Question about frequency and correlation in TF regulatory networks

[Sara-Tavallaei]

Hi,

Thanks for advancing new types of analysis in the wonderful hdWGCNA package!
In the TF regulatory network construction, there is a question for me: how is it possible for a gene-TF axis to have correlation but with frequency 0 ? how could it be interpreted biologically?

[smorabit]

Hi, thanks for your interest in hdWGCNA, especially the newer feature like the TF network analysis 😊

how is it possible for a gene-TF axis to have correlation but with frequency 0 ?

The TF regulatory network analysis in hdWGCNA uses XGBoost to model the expression of a given gene based on its poitential regulators (TFs that have a binding motif within the gene's promoter region). One of the advantages of XGBoost for this kind of analysis is that it prioritizes which features are most important for improving the model performance. One of these metrics is Frequency, which tells us how frequently a feature is used in different tree splits. It is more informative to look at Gain rather than Frequency, which is the average error reduction, and allows us to rank features by their predictive power. To directly answer your question, a gene could be correlated with a TF, but that particular TF could have poor predictive power relative to other TFs.

how could it be interpreted biologically?

I would hesitate to interpret this biologically due to some key model assumptions (described below). I think it's easier to use this analysis to make a case that a TF is potentially regulating a gene than to make the case that a TF is NOT regulating a gene.

To me, this analysis is useful for hypothesis generation but there are a lot of simplifications and assumptions that we exploit. For example, TFs often require co-factors in order to regulate. Also, the promoter region must be accessible in terms of chromatin in order for binding to occur. There can also be non-linear relationships determining the expression of a gene based on multiple TFs. From transcriptomic data alone, it is impossible to determine these different things, so the model is essentially a simplified view of TF-gene regulation.

Let's say for example, you are super interested in a particular TF-gene pair based on this analysis. I would suggest following up with some functional validation experiments, validating computationally with some additional -omics like ATAC-seq or ChIP-seq.

[Sara-Tavallaei]

Hi, thanks for your interest in hdWGCNA, especially the newer feature like the TF network analysis 😊

how is it possible for a gene-TF axis to have correlation but with frequency 0 ?

The TF regulatory network analysis in hdWGCNA uses XGBoost to model the expression of a given gene based on its poitential regulators (TFs that have a binding motif within the gene's promoter region). One of the advantages of XGBoost for this kind of analysis is that it prioritizes which features are most important for improving the model performance. One of these metrics is Frequency, which tells us how frequently a feature is used in different tree splits. It is more informative to look at Gain rather than Frequency, which is the average error reduction, and allows us to rank features by their predictive power. To directly answer your question, a gene could be correlated with a TF, but that particular TF could have poor predictive power relative to other TFs.

how could it be interpreted biologically?

I would hesitate to interpret this biologically due to some key model assumptions (described below). I think it's easier to use this analysis to make a case that a TF is potentially regulating a gene than to make the case that a TF is NOT regulating a gene.

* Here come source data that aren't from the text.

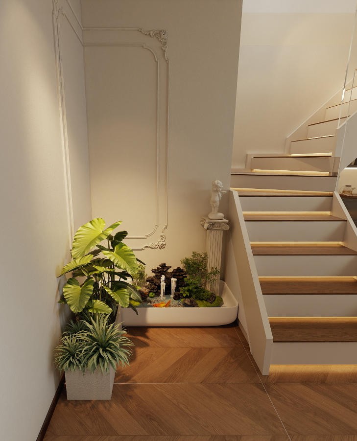 楼梯一角,也是入户进门空余的左边,放柜子生硬,放玄关也奇怪,***做成鱼缸景观,进门心情放松舒宜
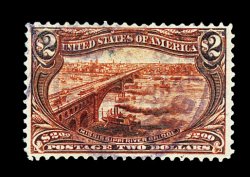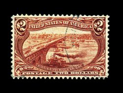 360 O 293 image#293, $2.00 Trans-Mississippi, select used example of this difficult stamp, exceptionally well centered, plus its color is far more intense and in a deeper shade than usually encountered, bright fresh paper, very light strike of a registry oval pmk., extremely fine and eye-appealing; 2000 PF certificate. (Image) 1,000.00
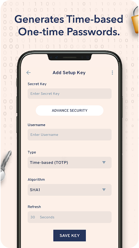 • ऐप प्रत्येक ३० सेकंड के बाद नए टोकन उत्पन्न करता है (डिफ़ॉल्ट रूप से या उपयोगकर्ता विशिष्ट समय के अनुसार)।
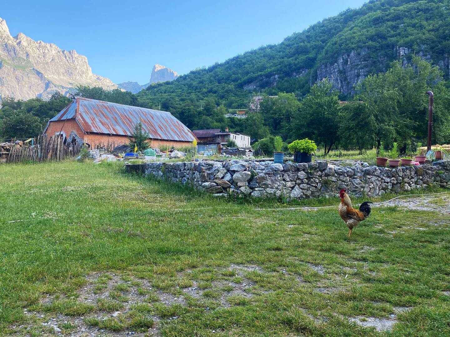 das arbeitsteilige Weckkommando aus Muezzin, Kirchenglocken und Wecker hat mich erfolgreich aus den Federn geworfen und so geht es schon um 7h morgens mit einem Kleinbus nach Theth. Die Fahrt von Shkodra nach Theth ist zunächst am Rande, später mitten innerhalb der Bergkulisse atemberaubend - genau wie der Fahrstil unseres Fahrers, der große Freude daran hat, sämtliche vor uns fahrenden Autos und Vans mit einer künstlichen Polizeisirene aus dem Weg zu drängeln und wenn sie endlich klein beigeben und genervt rechts ranfahren, wild gestikulierend an ihnen vorbeizupreschen. Mir ist sowas ja immer schon maximal peinlich gewesen und so bin ich auch heute froh, dass man mich hinter den abgedunkelten Scheiben des Sprinters nicht entdeckt 🙈😅. Trotz Überschallgeschwindigkeit erhasche ich einen kurzen Blick auf ein Gefängnis, ein riesiger Betonbau, der ziemlich abgelegen, vor wunderschöner Bergkulisse mitten auf die Felder gebaut ist. Ein ziemlich skurriler Anblick, der durch eine Reihe von Weisheiten, die außen auf die Gefängnismauern gesprüht sind, noch verstärkt wird. So steht zum Beispiel in riesigen Lettern auf den Gefängnismauern: „Education is the best way to freedom.“ Und selbst wenn ich der Aussage zustimme, bin ich mir unsicher, wie ich sie in diesem Kontext werten darf. Ehe ich mir eine Meinung gebildet habe, sind wir schon vorbeigerast. Wir haben es mit einem wahren albanischen Bleifuß zu tun, zugegebenermaßen sind wir aber dank seiner Fahrkünste schon um kurz nach 9h in Theth angekommen. Ich laufe zu meinem Guesthouse, wo ich noch etwas auf mein Zimmer warten muss und in der Zwischenzeit vor herrlicher Bergkulisse mein erstes albanisches Frühstück genieße. Es gibt frisches Brot, Tomaten, Gurken, zwei verschiedene Sorten Käse, der eine sicherlich aus Schafsmilch, Honig und eine absolut köstliche Feigenmarmelade. Ich bin eigentlich kein ausgesprochener Marmeladen-Fan, aber diese Art von Feigenaufstrich liegt irgendwo zwischen Rübenkraut, Feige und Karamell und ist genau mein Ding. Später erkundige ich ein bisschen das hübsche Theth, ein Dörfchen im Valbona-Tal, in dem man bis auf das Rauschen eines kleinen Flusses, Kuhglocken, das Krähen eines Hahnes und Vogelgezwitscher nicht viel hört. Bis auf das sporadische Aufheulen von Motoren aufpolierter SUVs und Limosinen, auffällig häufig deutschen Fabrikats. Die Albaner scheinen Mercedes, BMW, Audi und VW zu lieben, so viele dieser Marken auf einem Fleck habe ich in Deutschland selten gesehen. Gerne werden auch fleißig die Fenster heruntergekurbelt, um dann mit laut aufgedrehter und durch entsprechende Bässe untermalter Musik durch das Dörfchen zu kurven. Davon abgesehen ist Theth aber ein sehr malerischer Ort und der Startpunkt für viele Wanderungen in den albanischen Alpen. Es gibt unheimlich viele Pensionen und kleine Gästehäuser, ich sehe aber auch viele Camper, Bullis, Zelte und Motorradfahrer aus aller Herren Länder. Bei meinem Bummel durch das Dörfchen komme ich an der kleinen Kirche von Theth vorbei und lausche einem älteren Herren, der unter der Linde neben der Kirche auf einer Laute ein kleines Konzert gibt. Eine kleine Lauschprobe bekommt Ihr auf dem Video zu hören😌. Leider ist die Internetverbindung nicht gut genug, um meine Kamera mit meinem Handy zu verbinden, sodass ich ein paar Bilder aus Theth, die ich mit der Kamera gemacht habe, nachträglich in die App laden werde.

To me, this analysis is useful for hypothesis generation but there are a lot of simplifications and assumptions that we exploit. For example, TFs often require co-factors in order to regulate. Also, the promoter region must be accessible in terms of chromatin in order for binding to occur. There can also be non-linear relationships determining the expression of a gene based on multiple TFs. From transcriptomic data alone, it is impossible to determine these different things, so the model is essentially a simplified view of TF-gene regulation.

Let's say for example, you are super interested in a particular TF-gene pair based on this analysis. I would suggest following up with some functional validation experiments, validating computationally with some additional -omics like ATAC-seq or ChIP-seq.

Thanks!
I got the points.
I was wondering is it true to remove the TFs with frequency 0 for my target genes to find the best TFs? and now based on your explanation, esp "it's easier to use this analysis to make a case that a TF is potentially regulating a gene than to make the case that a TF is NOT regulating a gene.", and also the limitation of the transcriptomic data alone, I think it's better to keep those TFs.

[smorabit]

I was wondering is it true to remove the TFs with frequency 0 for my target genes to find the best TFs?

Can you clarify, when you say the "best" TFs, do you mean those which are most likely to regulate a target gene?

[Sara-Tavallaei]

I was wondering is it true to remove the TFs with frequency 0 for my target genes to find the best TFs?

Can you clarify, when you say the "best" TFs, do you mean those which are most likely to regulate a target gene?

yes, exactly
by the word "best TFs", I mean the ones which most likely to regulate a target gene in contrast to the other TFs and also have a significant meaningful correlation with target gene.